▸ **WORK REQUIRED**
Copy the listing below exactly, but skip the pictures.

▸ **THE DATA**
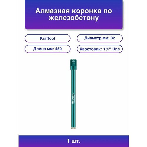Алмазная Коронка по железобетону, KRAFTOOL DIAMOND 32 мм (450 мм, 1 1/4, лазерная сварка сегментов), (29825-032)
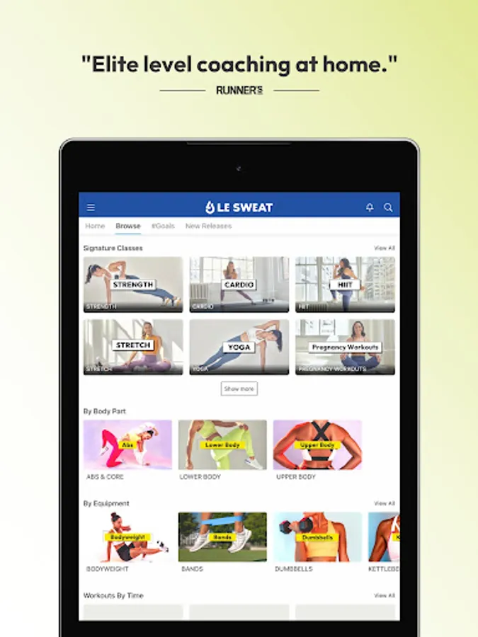 Inside the app, you'll also find videos organized by equipment. From bands to dumbbells to bodyweight only, Le Sweat has you covered with every type of workout that will leave you feeling healthy and accomplished.
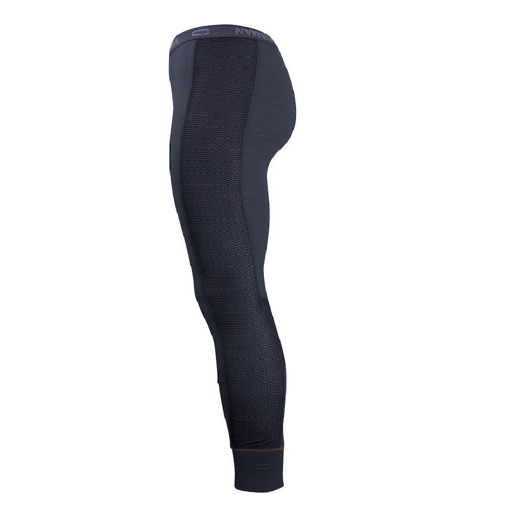 Fuseau en laine mérinos et empiècements en polyester pour augmenter le transport de l’humidité. Traitement antibactérien. Coutures et étiquettes non irritantes. Lavable à 40° C.
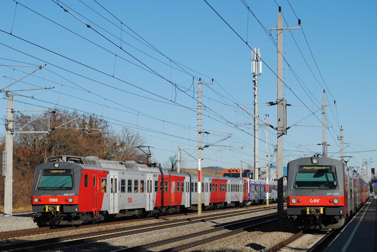 Begegnung zwischen den verkehrsrot lackierten 4020 317 und 4020 283 im Bhf. Pfaffstätten. (07.01.2022)

▸ **ANSWER TO THE EXERCISE**
Алмазная Коронка по железобетону, KRAFTOOL DIAMOND 32 мм (450 мм, 1 1/4, лазерная сварка сегментов), (29825-032)
 Inside the app, you'll also find videos organized by equipment. From bands to dumbbells to bodyweight only, Le Sweat has you covered with every type of workout that will leave you feeling healthy and accomplished.
 Fuseau en laine mérinos et empiècements en polyester pour augmenter le transport de l’humidité. Traitement antibactérien. Coutures et étiquettes non irritantes. Lavable à 40° C.
 Begegnung zwischen den verkehrsrot lackierten 4020 317 und 4020 283 im Bhf. Pfaffstätten. (07.01.2022)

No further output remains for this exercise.